= Directions for this task =
Any pictures in the records below should be skipped; write out everything else exactly.

= Records =
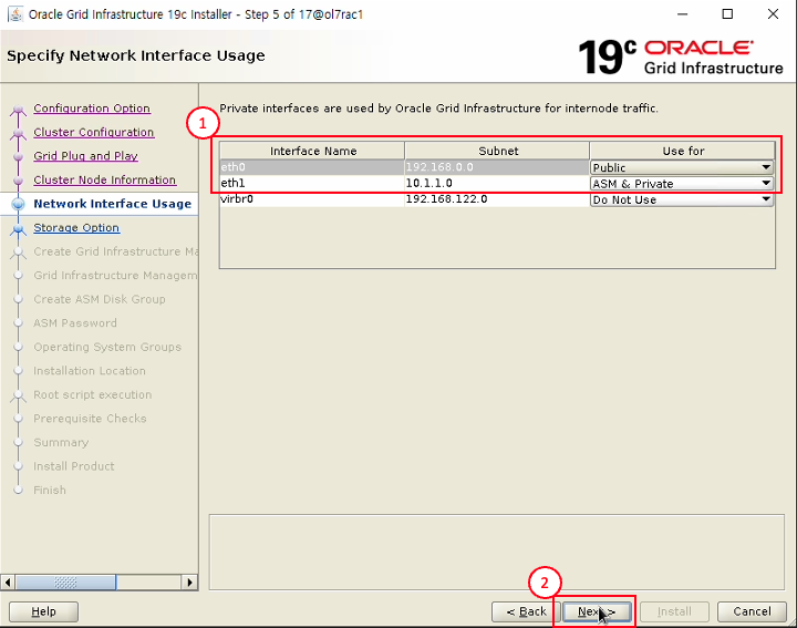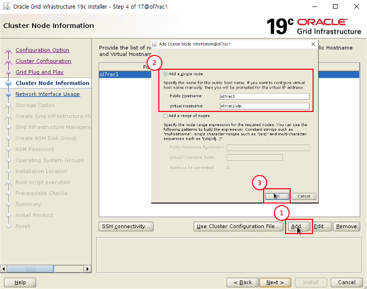 - Virtual Hostname : ol7rac2-vip 입력
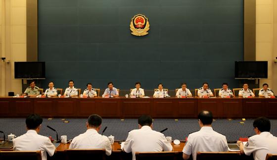 7月31日,中共中央政治局委员、中央政法委书记孟建柱,国务委员、中央政法委副书记、公安部部长郭声琨在北京与新任交流任职的公安厅局长进行集体谈话。
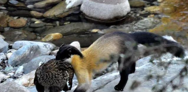 更厉害的是,它们连毛冠鹿都敢惹。有次,一头毛冠鹿到溪边喝水,压根没察觉危险。两只黄喉貂早埋伏好了,公貂冲上去一个翻滚,把鹿掀翻,咬住喉咙,母貂从后面咬住鹿腿。鹿挣扎半天,还是没逃掉。
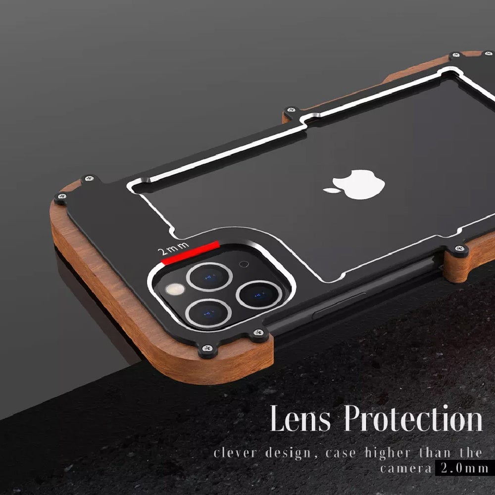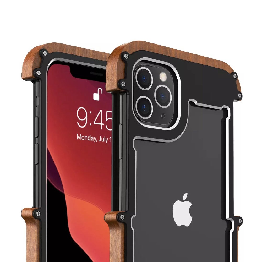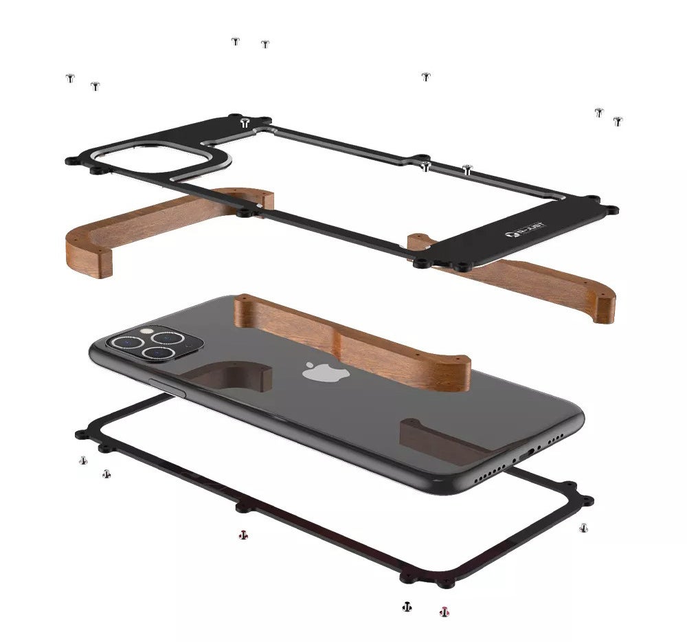 基盤となる枠にはアルミニウム、iPhoneを持った時に主に触れる枠部分はアイアンウッドを採用。
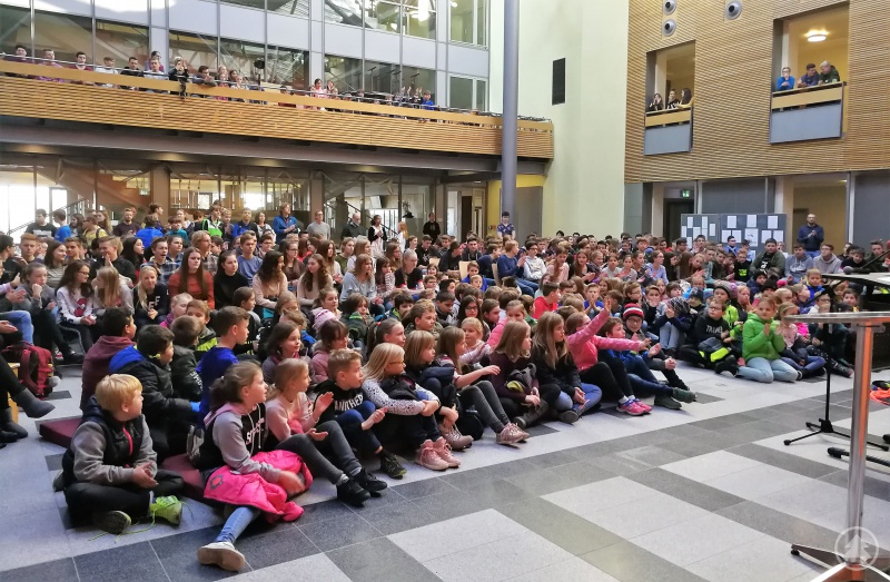 „Schockier deine Eltern – lies ein Buch!“ Mit diesem Aufruf appellierte OStDin Barbara Zethner an die jungen Leute, sich fürs Lesen zu begeistern, als sie zum Auftakt des Weltvorlesetags hunderte junge Zuhörer in der Aula des Freyunger Gymnasiums begrüßte. Der Einladung zum Weltvorlesetag waren nicht nur gut 500 Schülerinnen und Schüler des Gymnasiums selbst gefolgt, sondern auch die Klassen 3a und 3b sowie die Klassen 4a und 4b der Grundschule am Schloss Wolfstein mit ihren Klassenleiterinnen.
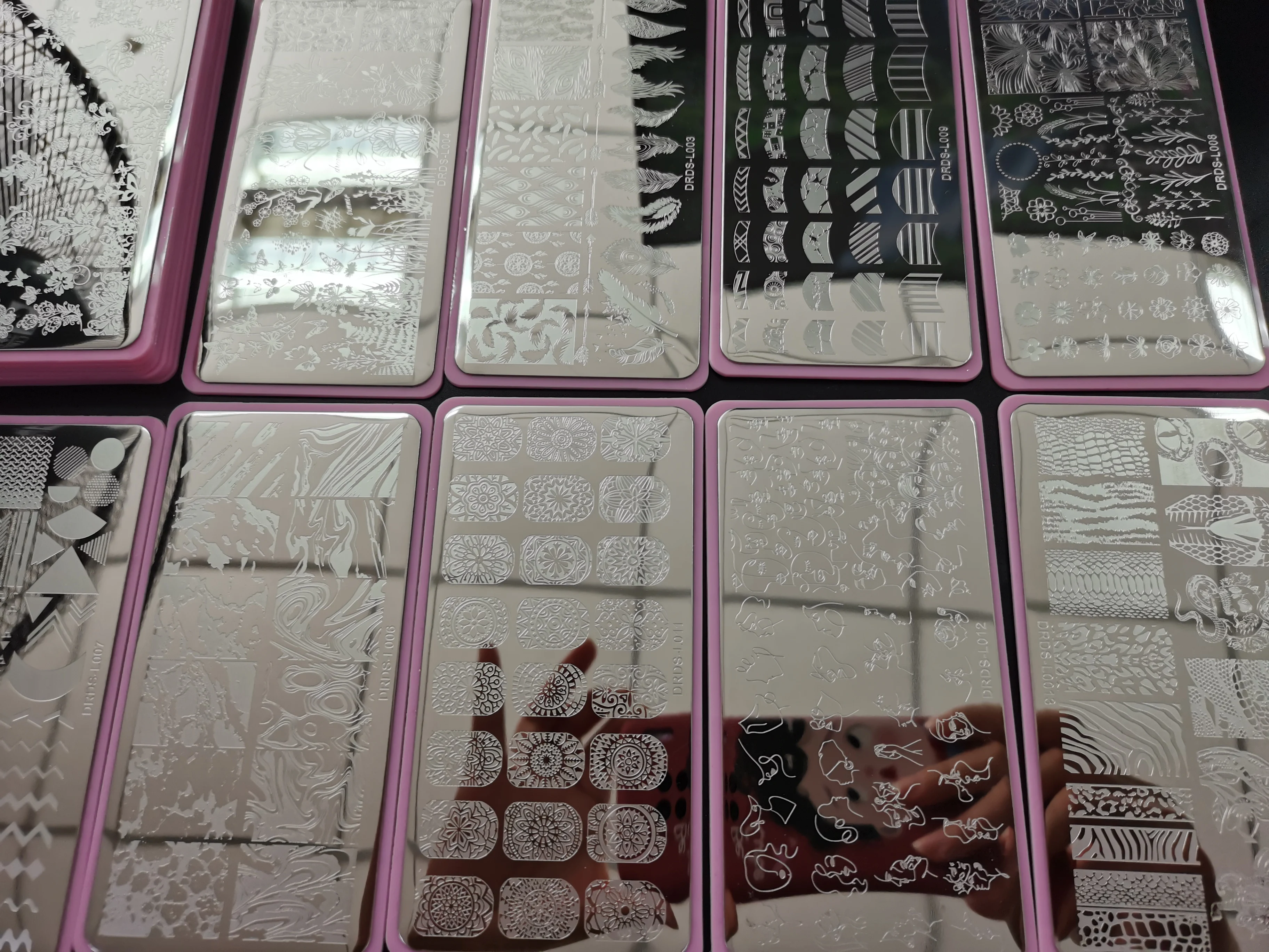 Il est recommandé d’utiliser du vernis d’estampage spécifique pour le transfert des images sur les plaques. Les vernis à ongles réguliers et les gels UV pourraient ne pas fonctionner correctement avec ce produit.

= Exercise response =
 - Virtual Hostname : ol7rac2-vip 입력
 7月31日,中共中央政治局委员、中央政法委书记孟建柱,国务委员、中央政法委副书记、公安部部长郭声琨在北京与新任交流任职的公安厅局长进行集体谈话。
 更厉害的是,它们连毛冠鹿都敢惹。有次,一头毛冠鹿到溪边喝水,压根没察觉危险。两只黄喉貂早埋伏好了,公貂冲上去一个翻滚,把鹿掀翻,咬住喉咙,母貂从后面咬住鹿腿。鹿挣扎半天,还是没逃掉。
 基盤となる枠にはアルミニウム、iPhoneを持った時に主に触れる枠部分はアイアンウッドを採用。
 „Schockier deine Eltern – lies ein Buch!“ Mit diesem Aufruf appellierte OStDin Barbara Zethner an die jungen Leute, sich fürs Lesen zu begeistern, als sie zum Auftakt des Weltvorlesetags hunderte junge Zuhörer in der Aula des Freyunger Gymnasiums begrüßte. Der Einladung zum Weltvorlesetag waren nicht nur gut 500 Schülerinnen und Schüler des Gymnasiums selbst gefolgt, sondern auch die Klassen 3a und 3b sowie die Klassen 4a und 4b der Grundschule am Schloss Wolfstein mit ihren Klassenleiterinnen.
 Il est recommandé d’utiliser du vernis d’estampage spécifique pour le transfert des images sur les plaques. Les vernis à ongles réguliers et les gels UV pourraient ne pas fonctionner correctement avec ce produit.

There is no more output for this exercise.